しかし今、彼女は初めて自分が治癒魔法を使えないことを歯痒く思っていた。
もし可能なら、彼女は例え全魔力を注ぎ込んででも智観を助けようとしていただろう。
だが今はそれを悔いても仕方が無い。
麗奈は思考を切り替え、自分にできることをすることにした。全ては智観の生存率を高める為に。

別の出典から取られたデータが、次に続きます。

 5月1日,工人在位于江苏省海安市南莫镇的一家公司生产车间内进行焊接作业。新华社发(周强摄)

「……犯人の武器はプラズマガンでしょうね。明日華。青白い光が見えたって行ったわよね?」
「ん? あぁ、確かに見えたぞ。ところでプラズマガンって何だ?」
「だそうよ。遠距離からフィールドを貫いて攻撃ができて、青白い光を引くとなったらそれしか無いでしょ?」
明日華には悪いが彼女の質問返しは無視して、麗奈は神田に自分の考えを話した。
「多分その通りやな。レールガンならそんな光は残らんし、衝撃波でうちらも無事やなかったやろうからな」
納得したように頷く神田。だが彼女は眉をひそめると続けた。
「しかしこれは厄介なことになったで……」
「あの距離なら隠れてれば見えないでしょう? それに連射が効くとも思えないし、智観の回復を待ってから逃げれば……」
麗奈は反論するが、神田は難しい顔をしたまま言う。
「敵はそいつ一体とは限らんし、ゆっくり回復させてくれるとも限らん。これは国防軍に出動を要請した方がええ!」
言い終わると彼女は、麗奈に反論する暇も与えずに無線で交信を始めた。軍の担当官に状況を伝える声には切迫した色が表れている。

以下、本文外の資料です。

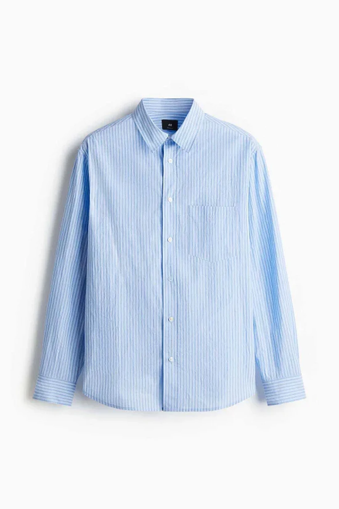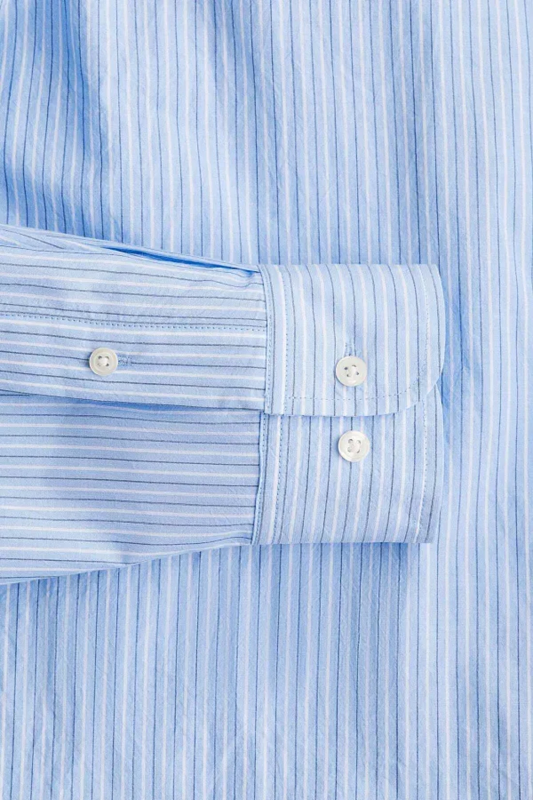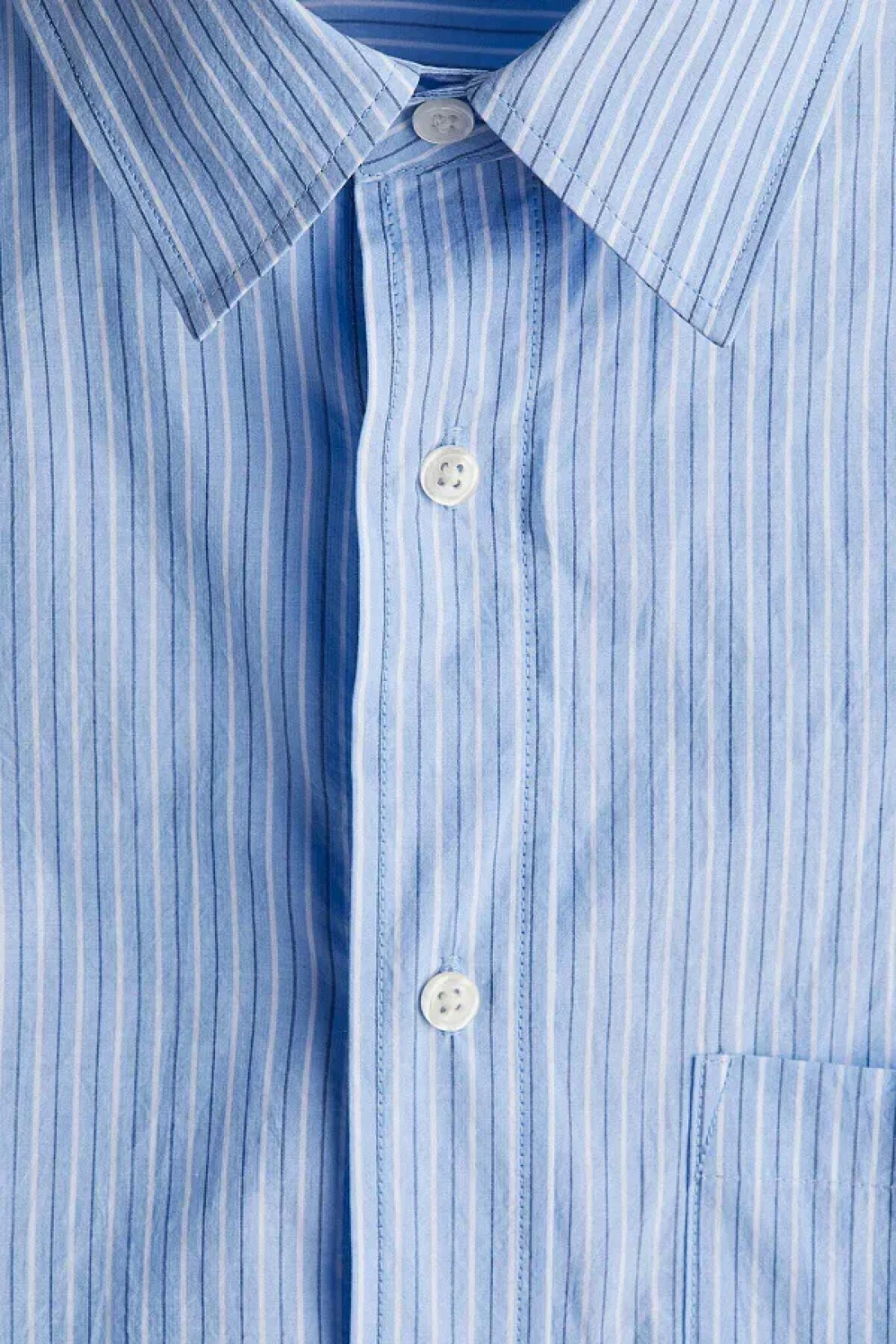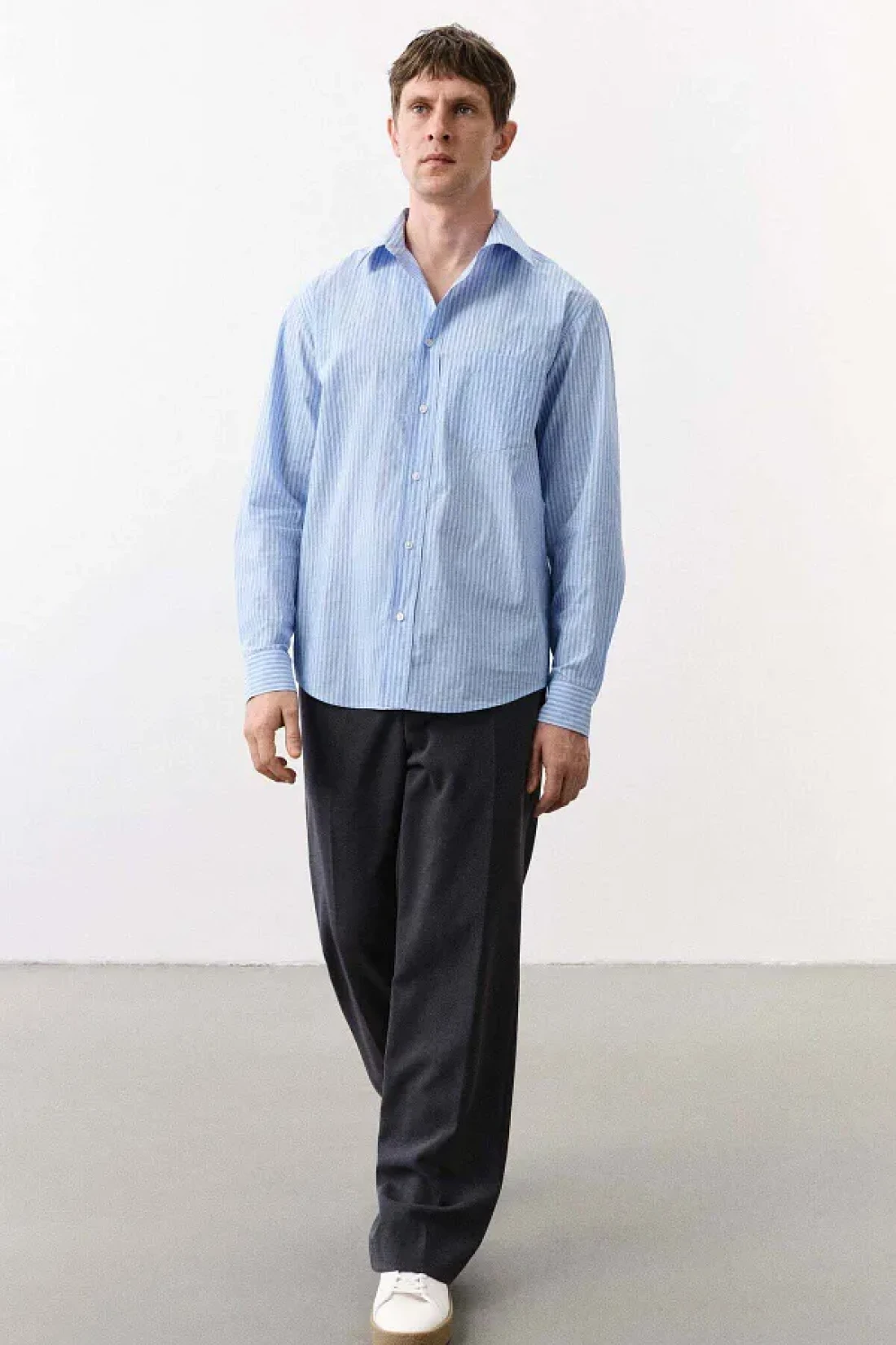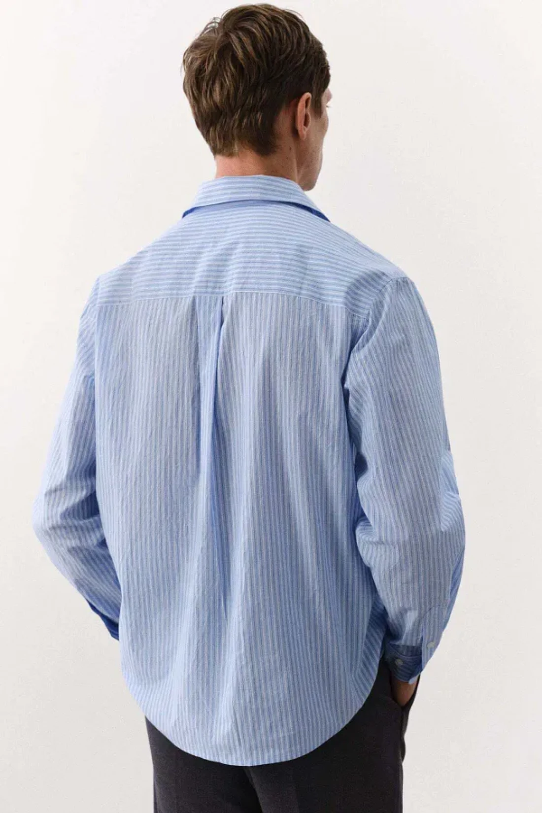 Shirt in cotton poplin with a turn-down collar, classic front and a yoke with a box pleat at the back.

それでいてパニックに陥ること無く、正確かつ素早く状況報告が出来ているのは訓練の賜物だろうか。
何にせよ今すぐ自分にできることは無い、と麗奈は痛感させられた。
彼女は想いを巡らせる。これ程の無力感に苛まれたのはいつ以来だろうか。少なくとも五年は味わっていない気がした。
「あたし、智観の様子見てきます」
小声でそう伝えると、麗奈はすぐ側で想い人の様子を窺うことにした。
その時、ようやく尋ねる隙を見つけたらしい明日華が話しかけてきた。
「な、なぁ。プラズマガンって?」
「余裕が無いから簡単に説明させてもらうわよ。プラズマガンってのはね――」
プラズマガンとはその名の通り、高エネルギーのプラズマと化した物質を電磁加速して撃ち出す武器である。高エネルギーゆえに威力は高く、弾速も非常に速いので狙われた場合には回避はほぼ不可能とされる。

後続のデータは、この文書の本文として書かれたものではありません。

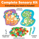 Preschool age kids will have fun discovering colors and sizes as they witness dinosaur friends come to life through this engaging art activity. Tailored for toddlers, interactive "pop & push" pom pom kit requires no glue, ensuring less mess, more fun and allowing for repeated use! 2 illustrated, soft foam felt boards securely hold brightly colored pom poms in place. Toddler activities foster moments of quiet time and independent play. With non-toxic, safety-tested components, kids can indulge in hours of educational fun. As they engage their senses and refine fine motor skills, they'll immerse themselves in hands-on play and imaginative storytelling. Encourage your kids to tell their own stories about their dinosaur buddies as they craft and play. Play or display! Toddlers can create dinosaur pictures over and over again or you can display their designs with the included hanging string. Travel friendly, keep the kids entertained while you're on the move. Use the convenient zip and seal storage bag for anytime fun on-the-go! Ages: 3+ Contents Include: 2 Pre-cut illustrated felt boards, Assorted pom poms, 2 Hanging strings, Wiggly eyes, Storage bag and Instructions
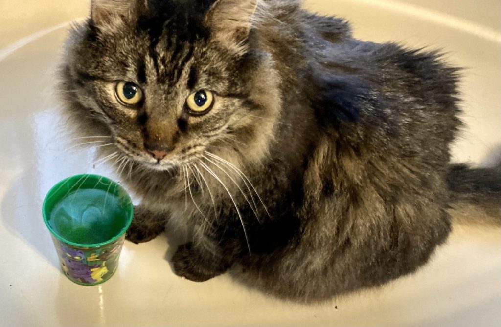 Also? If he has food, then he often complains until we fill up his water cup with fresh water. Don’t believe him for a second when he tells you he has no water. There is water for him all over the house. But he doesn’t like that water. He wants it to be fresh out of the tap.
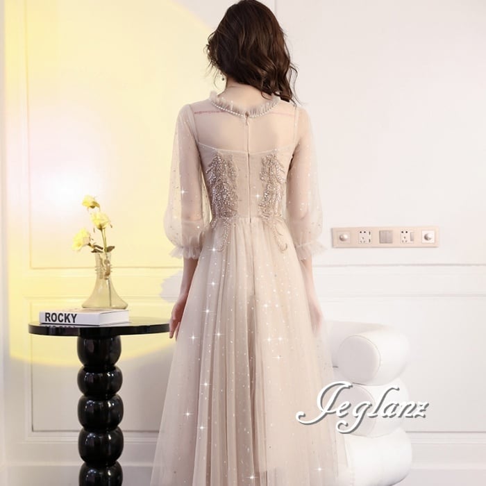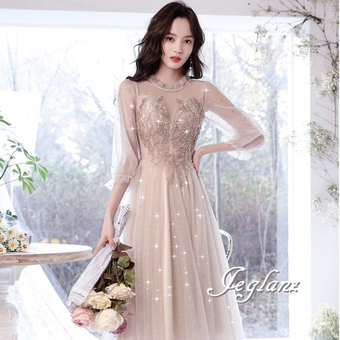 パーティ ドレス チュール 透け感 パール 光沢感 7分袖 ロング/イブニング(M8478)ζ

家庭教師に習ったので原理等も知ってはいたが、時間も無いので麗奈は手短にそう説明した。
説明しながら麗奈は、悠里や千秋の邪魔にならないように智観の傍に座っていた。明日華も話に耳を傾けながら彼女に倣う。
智観の右胸の傷は既にほぼ塞がっていた。赤く血の色に染まった制服に空いた穴からは、白い肌が覗いている。既に出血も止まっているようだ。
だが目を覚ます気配は見せないし、顔色からも血の気が引いたままなのが麗奈の――そして恐らくは全員の――不安を掻き立てた。
「ねぇ、二人とも。智観は大丈夫なの?」
「顔色も良くないし……助かるのか?」
麗奈と明日華はほぼ同時に尋ねた。
「頭や心臓に異常はありませんし、傷は何とか治せました。でも……」
千秋が二人の質問に答えたが、歯切れの悪い返事だった。口調もどこか重苦しい。
「でも呼吸も脈拍もか細くて、今にも消えそうなの……」
彼女が言おうとした言葉を悠里が引き継いた。悠里の声にもやはり力が無い。
「そんなわけ無いしょ!」
それを聞いた麗奈は、自分でも予想外に大きな声で喚くように叫んでいた。続けて彼女は早口で捲し立てる。
「智観はこんなところで死んでいい奴だとでも思ってるの!? 何とかならないの!? あたしで良かったら何でもするから!」
「思いませんよ! でもどうすれば……」
「私だって方法があるなら助けたい!」
千秋と悠里は即座に反論した。
智観を助けたいという想いは、彼女達も麗奈と同じだった。だが方法が無いのだ。
その時、ずっと沈黙を保っていた明日華が口を開いた。
「そうだ、千秋! お前、昔蘇生魔法を勉強してたよな!?」
「は、はい。してましたけど……」
頷きつつも口ごもる千秋。
だがそれでも麗奈には、千秋の姿が希望の光のように見えた。泣きつくように懇願する麗奈。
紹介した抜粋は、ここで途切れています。